No obstante, no todos los expertos comparten el tono alarmista del anuncio. La firma de seguridad AISLE realizó pruebas independientes con modelos abiertos mucho más pequeños y económicos, y descubrió que estos "recuperaron gran parte del mismo análisis" sobre las vulnerabilidades que Anthropic usó como ejemplo. Según Stanislav Fort, fundador y científico jefe de AISLE, la ventaja real en ciberseguridad con IA "es el sistema, no el modelo". Esta perspectiva sugiere que la capacidad ofensiva de Mythos podría no ser tan exclusiva como Anthropic presenta.
¿Quién controla la llave?
La decisión de Anthropic plantea un debate de fondo que va más allá de las capacidades técnicas del modelo. Al restringir el acceso a un grupo selecto de empresas privadas, la compañía asume de facto el papel de árbitro sobre quién puede acceder a una de las herramientas cibernéticas más avanzadas jamás desarrolladas. Como señalan analistas citados por Fortune, esto concentra un poder inusual en manos de una sola empresa privada, sin supervisión regulatoria formal.

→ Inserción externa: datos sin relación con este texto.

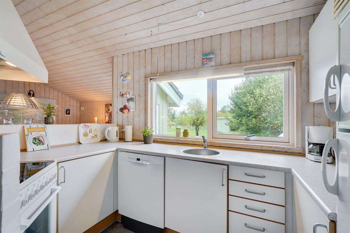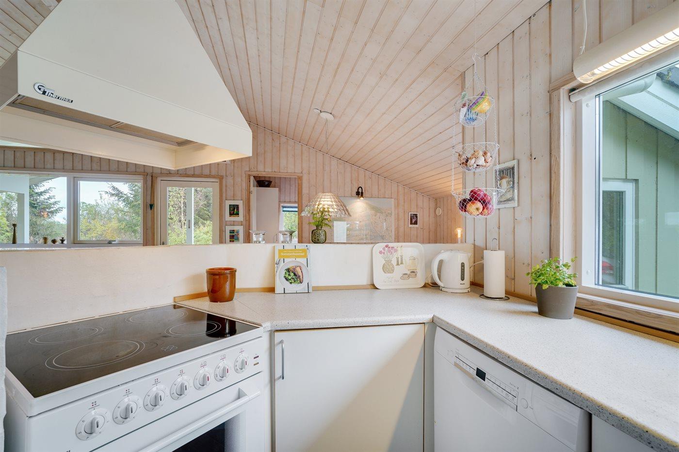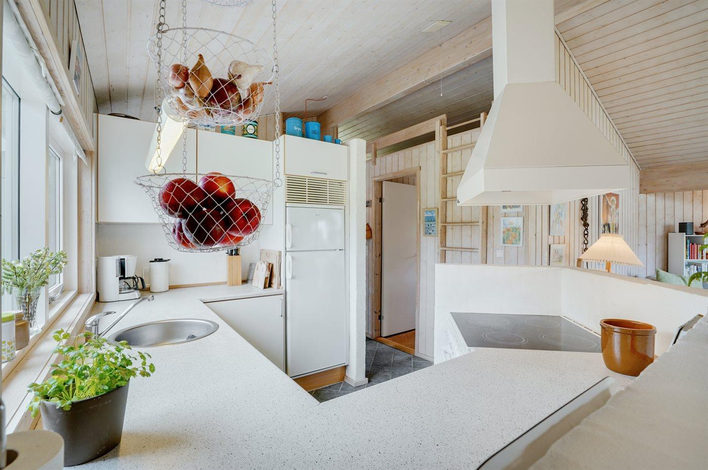 Køkkenet er udstyret med 1 køleskab. Der er 4 keramiske kogeplader, varmluftovn samt opvaskemaskine.

El problema de fondo es estructural: según los expertos consultados por NBC News, las organizaciones no son capaces de parchear vulnerabilidades tan rápido como la IA puede encontrarlas. El responsable de investigación ofensiva de Anthropic, Logan Graham, advirtió que, aunque Mythos no se publique nunca, espera que competidores —incluidos laboratorios chinos— lancen modelos con capacidades comparables en los próximos seis a doce meses. OpenAI ya ha respondido anunciando GPT-5.4-Cyber, un modelo enfocado en ciberseguridad defensiva.
Estamos ante un punto de inflexión. La carrera entre atacantes y defensores siempre ha existido, pero la IA acaba de comprimir el tiempo de reacción de meses a segundos. Anthropic ha optado por la transparencia y la restricción voluntaria, pero la pregunta que quedará flotando durante meses es si ese modelo de gobernanza privada será suficiente cuando —no si— modelos equivalentes lleguen a manos de actores maliciosos.